**MATERIALS PROVIDED**
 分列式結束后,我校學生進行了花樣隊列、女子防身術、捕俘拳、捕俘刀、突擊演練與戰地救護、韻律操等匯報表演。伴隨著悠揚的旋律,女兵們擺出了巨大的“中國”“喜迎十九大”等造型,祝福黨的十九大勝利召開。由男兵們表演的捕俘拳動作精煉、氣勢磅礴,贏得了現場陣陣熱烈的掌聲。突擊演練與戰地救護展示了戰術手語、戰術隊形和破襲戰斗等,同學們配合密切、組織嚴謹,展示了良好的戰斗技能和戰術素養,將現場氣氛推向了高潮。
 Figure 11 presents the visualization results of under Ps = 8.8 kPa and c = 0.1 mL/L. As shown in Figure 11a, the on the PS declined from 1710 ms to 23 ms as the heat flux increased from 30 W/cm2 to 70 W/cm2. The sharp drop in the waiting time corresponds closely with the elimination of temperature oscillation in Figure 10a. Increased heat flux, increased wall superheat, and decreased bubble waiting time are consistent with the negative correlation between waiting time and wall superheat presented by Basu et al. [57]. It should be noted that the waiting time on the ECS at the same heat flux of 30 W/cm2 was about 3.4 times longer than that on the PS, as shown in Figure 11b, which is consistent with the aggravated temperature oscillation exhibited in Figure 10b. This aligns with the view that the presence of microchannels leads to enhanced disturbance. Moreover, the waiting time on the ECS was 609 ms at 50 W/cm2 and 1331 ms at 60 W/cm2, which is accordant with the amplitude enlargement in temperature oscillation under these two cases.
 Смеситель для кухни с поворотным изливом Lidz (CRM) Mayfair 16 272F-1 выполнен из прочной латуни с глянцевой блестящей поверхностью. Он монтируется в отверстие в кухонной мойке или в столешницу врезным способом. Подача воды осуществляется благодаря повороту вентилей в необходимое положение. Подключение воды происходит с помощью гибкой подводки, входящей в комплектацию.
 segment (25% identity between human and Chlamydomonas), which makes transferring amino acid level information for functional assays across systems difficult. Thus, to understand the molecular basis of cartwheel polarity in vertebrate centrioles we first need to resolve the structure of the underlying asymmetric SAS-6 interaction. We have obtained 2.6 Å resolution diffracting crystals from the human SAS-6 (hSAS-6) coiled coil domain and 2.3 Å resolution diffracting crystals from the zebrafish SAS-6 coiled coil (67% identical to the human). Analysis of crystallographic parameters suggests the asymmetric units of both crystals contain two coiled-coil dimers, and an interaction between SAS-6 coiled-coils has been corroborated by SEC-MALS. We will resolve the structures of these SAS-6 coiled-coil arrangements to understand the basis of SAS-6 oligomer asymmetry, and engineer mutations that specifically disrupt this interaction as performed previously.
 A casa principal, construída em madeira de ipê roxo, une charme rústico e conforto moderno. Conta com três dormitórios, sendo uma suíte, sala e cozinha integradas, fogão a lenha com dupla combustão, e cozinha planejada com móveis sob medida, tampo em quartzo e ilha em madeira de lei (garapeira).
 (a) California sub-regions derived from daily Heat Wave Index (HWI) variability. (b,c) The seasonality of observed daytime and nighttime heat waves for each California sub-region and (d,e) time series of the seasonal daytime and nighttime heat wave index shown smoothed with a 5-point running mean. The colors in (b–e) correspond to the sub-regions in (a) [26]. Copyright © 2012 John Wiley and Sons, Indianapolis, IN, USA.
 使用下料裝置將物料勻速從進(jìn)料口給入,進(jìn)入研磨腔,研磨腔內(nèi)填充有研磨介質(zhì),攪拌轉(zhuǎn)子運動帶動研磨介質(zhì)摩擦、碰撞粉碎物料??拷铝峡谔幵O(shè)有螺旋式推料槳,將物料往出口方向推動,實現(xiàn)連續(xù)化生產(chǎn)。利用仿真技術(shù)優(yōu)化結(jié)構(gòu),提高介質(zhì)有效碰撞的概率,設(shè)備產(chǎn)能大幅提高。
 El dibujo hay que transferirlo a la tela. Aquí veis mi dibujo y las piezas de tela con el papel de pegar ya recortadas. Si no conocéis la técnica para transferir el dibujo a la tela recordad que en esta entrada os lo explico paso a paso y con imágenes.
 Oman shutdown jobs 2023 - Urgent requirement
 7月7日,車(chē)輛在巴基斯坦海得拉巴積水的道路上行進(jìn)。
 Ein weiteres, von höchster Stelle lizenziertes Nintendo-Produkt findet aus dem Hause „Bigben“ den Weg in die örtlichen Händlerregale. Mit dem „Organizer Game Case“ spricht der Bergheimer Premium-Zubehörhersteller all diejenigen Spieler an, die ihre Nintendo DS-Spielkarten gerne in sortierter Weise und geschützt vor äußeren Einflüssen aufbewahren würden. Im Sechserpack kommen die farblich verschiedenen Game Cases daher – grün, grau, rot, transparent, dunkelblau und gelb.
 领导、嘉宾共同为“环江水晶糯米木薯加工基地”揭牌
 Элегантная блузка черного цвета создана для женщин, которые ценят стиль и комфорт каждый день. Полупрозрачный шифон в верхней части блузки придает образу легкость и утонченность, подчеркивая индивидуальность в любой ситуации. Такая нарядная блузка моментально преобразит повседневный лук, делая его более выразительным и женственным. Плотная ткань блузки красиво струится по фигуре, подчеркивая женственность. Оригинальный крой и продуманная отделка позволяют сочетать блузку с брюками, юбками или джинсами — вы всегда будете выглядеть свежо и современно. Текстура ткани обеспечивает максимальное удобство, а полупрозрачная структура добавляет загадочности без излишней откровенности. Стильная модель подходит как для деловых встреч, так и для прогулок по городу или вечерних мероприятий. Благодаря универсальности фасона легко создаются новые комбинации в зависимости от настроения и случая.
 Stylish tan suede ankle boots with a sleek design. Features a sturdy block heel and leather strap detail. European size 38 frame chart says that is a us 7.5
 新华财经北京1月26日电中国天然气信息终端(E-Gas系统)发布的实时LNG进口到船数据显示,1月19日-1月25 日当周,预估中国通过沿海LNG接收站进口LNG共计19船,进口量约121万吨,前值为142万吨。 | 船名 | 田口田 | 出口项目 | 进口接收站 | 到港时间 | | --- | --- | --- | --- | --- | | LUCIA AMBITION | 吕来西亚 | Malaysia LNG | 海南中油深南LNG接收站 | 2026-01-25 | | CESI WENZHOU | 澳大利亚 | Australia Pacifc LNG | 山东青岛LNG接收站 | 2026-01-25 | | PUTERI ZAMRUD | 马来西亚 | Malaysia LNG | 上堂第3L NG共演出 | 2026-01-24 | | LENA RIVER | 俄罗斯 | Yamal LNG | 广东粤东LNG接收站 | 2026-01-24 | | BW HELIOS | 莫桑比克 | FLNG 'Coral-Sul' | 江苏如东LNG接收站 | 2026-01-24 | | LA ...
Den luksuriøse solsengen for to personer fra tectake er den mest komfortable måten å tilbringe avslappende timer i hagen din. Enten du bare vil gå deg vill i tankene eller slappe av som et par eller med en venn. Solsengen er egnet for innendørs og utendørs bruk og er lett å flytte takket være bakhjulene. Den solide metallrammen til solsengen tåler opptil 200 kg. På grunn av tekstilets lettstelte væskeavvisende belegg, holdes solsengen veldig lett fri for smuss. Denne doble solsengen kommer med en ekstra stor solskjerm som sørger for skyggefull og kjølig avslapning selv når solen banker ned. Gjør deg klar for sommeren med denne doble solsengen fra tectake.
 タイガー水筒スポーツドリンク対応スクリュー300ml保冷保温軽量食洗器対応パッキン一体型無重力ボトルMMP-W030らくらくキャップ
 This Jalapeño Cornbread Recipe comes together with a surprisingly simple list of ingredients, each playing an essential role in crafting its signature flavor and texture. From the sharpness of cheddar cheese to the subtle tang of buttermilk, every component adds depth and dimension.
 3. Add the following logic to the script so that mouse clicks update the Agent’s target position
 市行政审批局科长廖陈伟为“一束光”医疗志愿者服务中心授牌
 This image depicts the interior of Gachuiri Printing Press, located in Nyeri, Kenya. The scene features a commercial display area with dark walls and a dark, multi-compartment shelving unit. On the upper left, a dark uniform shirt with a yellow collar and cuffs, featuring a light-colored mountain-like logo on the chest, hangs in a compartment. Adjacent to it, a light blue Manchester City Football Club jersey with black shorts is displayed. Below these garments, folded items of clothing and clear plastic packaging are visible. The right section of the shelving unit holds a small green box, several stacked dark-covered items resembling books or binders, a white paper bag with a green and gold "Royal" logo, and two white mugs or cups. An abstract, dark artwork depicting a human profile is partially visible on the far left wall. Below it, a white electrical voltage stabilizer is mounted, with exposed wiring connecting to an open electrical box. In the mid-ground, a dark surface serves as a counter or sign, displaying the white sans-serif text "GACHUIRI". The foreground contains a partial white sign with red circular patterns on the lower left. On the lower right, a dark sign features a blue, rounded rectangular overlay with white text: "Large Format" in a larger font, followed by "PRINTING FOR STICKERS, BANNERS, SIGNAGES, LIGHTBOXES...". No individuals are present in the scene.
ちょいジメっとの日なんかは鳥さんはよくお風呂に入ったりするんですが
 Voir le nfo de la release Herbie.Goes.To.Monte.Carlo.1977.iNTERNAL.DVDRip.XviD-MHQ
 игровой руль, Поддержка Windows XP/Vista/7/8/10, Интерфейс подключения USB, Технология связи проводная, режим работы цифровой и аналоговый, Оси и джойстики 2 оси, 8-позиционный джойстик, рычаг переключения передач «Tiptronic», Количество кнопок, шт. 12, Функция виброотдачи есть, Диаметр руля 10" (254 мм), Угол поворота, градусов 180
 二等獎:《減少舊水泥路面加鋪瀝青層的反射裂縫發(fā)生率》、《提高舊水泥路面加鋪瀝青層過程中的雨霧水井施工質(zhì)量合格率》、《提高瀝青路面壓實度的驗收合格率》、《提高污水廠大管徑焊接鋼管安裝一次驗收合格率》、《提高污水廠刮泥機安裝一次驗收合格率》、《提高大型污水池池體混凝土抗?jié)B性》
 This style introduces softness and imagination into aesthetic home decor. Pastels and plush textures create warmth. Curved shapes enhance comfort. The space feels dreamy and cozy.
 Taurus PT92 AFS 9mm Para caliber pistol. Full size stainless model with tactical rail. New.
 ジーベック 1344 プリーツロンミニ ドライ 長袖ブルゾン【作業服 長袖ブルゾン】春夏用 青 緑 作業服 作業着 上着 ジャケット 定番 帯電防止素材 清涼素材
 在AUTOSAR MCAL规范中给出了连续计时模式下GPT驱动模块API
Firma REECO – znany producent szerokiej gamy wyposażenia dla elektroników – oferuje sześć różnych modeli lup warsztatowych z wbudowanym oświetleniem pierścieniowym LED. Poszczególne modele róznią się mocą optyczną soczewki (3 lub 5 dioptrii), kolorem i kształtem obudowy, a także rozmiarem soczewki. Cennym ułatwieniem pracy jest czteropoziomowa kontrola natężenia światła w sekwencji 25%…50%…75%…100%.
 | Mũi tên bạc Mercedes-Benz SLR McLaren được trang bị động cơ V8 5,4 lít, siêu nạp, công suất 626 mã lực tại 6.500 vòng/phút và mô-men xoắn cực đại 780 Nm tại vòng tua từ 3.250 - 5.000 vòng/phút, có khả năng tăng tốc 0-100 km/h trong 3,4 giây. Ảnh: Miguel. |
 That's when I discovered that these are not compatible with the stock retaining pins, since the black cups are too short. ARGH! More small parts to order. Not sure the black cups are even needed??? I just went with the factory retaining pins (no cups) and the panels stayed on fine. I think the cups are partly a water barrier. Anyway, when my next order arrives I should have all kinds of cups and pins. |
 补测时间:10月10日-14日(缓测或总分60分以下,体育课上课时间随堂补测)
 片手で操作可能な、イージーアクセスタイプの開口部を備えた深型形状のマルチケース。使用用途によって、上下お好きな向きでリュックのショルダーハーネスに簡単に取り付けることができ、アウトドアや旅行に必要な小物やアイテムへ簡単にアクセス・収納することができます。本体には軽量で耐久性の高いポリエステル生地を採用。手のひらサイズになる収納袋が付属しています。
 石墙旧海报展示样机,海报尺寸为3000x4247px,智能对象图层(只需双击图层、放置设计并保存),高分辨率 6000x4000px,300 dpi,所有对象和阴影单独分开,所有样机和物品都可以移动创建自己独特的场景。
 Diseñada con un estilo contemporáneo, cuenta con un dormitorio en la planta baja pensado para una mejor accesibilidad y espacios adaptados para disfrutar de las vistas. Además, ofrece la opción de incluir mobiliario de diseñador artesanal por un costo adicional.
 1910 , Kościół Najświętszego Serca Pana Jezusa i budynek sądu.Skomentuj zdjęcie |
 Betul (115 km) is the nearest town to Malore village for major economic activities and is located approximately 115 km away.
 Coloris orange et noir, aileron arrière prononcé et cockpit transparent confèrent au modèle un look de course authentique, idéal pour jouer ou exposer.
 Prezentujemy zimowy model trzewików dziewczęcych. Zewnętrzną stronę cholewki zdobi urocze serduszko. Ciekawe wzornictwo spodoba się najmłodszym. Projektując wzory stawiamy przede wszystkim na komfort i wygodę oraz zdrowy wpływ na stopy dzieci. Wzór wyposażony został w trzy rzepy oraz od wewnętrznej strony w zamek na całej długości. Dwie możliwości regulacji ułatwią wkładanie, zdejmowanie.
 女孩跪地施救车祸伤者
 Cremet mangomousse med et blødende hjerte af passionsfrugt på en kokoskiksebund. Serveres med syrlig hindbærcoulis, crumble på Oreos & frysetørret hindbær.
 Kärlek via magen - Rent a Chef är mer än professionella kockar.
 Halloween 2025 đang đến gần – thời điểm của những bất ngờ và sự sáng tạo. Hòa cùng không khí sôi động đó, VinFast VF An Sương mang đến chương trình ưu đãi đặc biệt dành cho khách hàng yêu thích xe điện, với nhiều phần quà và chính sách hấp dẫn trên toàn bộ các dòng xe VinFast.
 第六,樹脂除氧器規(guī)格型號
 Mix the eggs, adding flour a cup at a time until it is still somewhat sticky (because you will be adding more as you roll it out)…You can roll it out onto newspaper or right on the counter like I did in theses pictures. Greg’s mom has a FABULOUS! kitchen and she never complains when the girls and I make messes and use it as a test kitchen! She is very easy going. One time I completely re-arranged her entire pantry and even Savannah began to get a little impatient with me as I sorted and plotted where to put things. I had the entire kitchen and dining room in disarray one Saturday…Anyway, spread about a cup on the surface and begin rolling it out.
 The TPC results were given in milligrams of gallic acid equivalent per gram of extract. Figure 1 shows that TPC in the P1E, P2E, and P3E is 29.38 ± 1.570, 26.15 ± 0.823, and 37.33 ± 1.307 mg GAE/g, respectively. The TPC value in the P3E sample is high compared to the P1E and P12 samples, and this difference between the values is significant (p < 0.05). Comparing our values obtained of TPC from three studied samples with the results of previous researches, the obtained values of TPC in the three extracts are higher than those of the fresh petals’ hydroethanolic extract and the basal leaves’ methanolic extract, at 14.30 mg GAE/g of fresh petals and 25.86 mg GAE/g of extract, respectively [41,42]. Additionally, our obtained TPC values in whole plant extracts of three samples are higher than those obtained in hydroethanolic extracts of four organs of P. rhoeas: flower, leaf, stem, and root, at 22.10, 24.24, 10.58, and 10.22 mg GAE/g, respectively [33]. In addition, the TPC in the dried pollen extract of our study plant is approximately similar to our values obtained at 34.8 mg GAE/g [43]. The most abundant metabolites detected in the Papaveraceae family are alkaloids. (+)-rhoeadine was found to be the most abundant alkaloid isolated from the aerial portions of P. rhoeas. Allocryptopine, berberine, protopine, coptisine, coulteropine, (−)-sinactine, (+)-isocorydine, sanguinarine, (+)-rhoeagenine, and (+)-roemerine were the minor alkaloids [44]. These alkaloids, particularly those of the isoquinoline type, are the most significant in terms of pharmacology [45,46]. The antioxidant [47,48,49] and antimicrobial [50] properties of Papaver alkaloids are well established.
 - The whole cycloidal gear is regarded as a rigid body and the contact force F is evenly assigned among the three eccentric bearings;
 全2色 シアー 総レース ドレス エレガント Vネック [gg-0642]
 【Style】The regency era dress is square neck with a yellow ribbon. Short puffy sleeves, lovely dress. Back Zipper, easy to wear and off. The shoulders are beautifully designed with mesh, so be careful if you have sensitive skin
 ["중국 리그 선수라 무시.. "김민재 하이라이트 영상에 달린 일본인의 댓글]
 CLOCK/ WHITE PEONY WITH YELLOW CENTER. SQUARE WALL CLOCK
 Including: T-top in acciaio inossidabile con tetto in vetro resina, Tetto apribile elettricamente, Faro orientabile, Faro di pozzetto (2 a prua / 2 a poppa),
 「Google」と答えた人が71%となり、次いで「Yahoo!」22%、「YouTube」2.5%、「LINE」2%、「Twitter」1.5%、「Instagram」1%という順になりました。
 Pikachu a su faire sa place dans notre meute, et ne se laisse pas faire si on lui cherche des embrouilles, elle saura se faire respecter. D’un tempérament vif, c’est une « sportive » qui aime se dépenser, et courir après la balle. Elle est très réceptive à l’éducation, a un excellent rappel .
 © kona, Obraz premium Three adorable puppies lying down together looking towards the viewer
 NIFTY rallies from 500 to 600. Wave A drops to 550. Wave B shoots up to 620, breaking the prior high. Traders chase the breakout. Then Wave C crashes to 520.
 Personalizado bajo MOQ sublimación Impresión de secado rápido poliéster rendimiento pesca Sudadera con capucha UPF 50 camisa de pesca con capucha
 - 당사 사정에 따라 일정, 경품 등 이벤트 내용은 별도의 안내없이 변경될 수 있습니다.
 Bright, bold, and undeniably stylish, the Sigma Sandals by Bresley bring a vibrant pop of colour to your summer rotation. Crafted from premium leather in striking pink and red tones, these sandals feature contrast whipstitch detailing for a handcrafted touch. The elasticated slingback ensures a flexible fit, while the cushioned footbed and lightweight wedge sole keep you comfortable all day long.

**ABOUT THIS TASK**
Scan the records above for the string "together", then select every line that holds it.

**EXPECTED ANSWER**
 This Jalapeño Cornbread Recipe comes together with a surprisingly simple list of ingredients, each playing an essential role in crafting its signature flavor and texture. From the sharpness of cheddar cheese to the subtle tang of buttermilk, every component adds depth and dimension.
 © kona, Obraz premium Three adorable puppies lying down together looking towards the viewer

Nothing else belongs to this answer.